Note from Jeremy: Behavioral ecologist Tim Parker had some very interesting comments on my recent post about replicability in ecology vs. the social sciences. So here they are as a standalone post. Tim has unusually broad and deep knowledge about replicability across many different fields. So please do read on if you’re interested in this issue!
Thank you to Jeremy for calling attention to Alvaro de Menand’s post on replication forecasts in social science. I want to say a few things about that project and a few things about replicability in ecology.
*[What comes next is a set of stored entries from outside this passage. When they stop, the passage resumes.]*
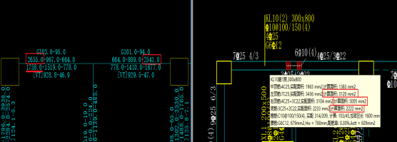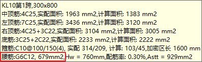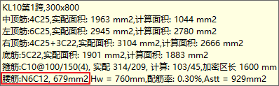 由图可见,梁腹板高Hw=760,按规范要求梁的腰筋间距不超过200,所以单侧至少需要3根钢筋,参数中默认的最小腰筋直径为12,所以自动生成6根12的腰筋,标注为G,表示构造腰筋。上、下纵向钢筋面积为:
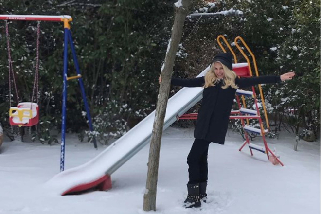 Παιχνίδι με το χιόνι στην παιδική χαρά του σπιτιού της απόλαυσε η Ελένη Μενεγάκη η οποία φυσικά ανέβασε και φωτογραφίες στο instagram.
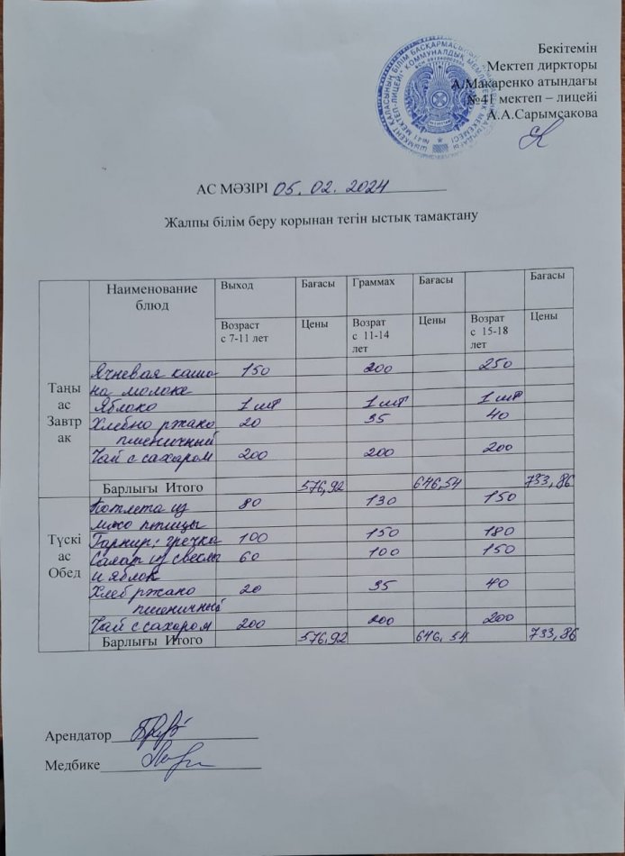 2024 жылғы 04 қыркүйектің ас мәзірі

First, I urge anyone with an interest in the reliability of empirical science to read Alvaro’s post. It’s insightful and well written. I don’t agree with everything in that post, but I won’t get into a detailed critique here. I have been working on a parallel project (replicATS), funded through the same DARPA program, to generate forecasts for the same 3000 social science studies. Our approach was different – we spent more time with each paper (20-30 minutes rather than 2.5 minutes), and we refined our forecasts through a collaborative process (IDEA protocol). My experience with working on approximately 100 of these forecasts leads me to conclusions that are broadly similar to Alvaro’s. Also, as an ecologist, it was fascinating to dive into the social science literature with a critical eye, and to realize that I could actually generate replicability forecasts that often converged with those of domain experts. The lesson: understanding a few basic principles of study reliability can take you far in this process.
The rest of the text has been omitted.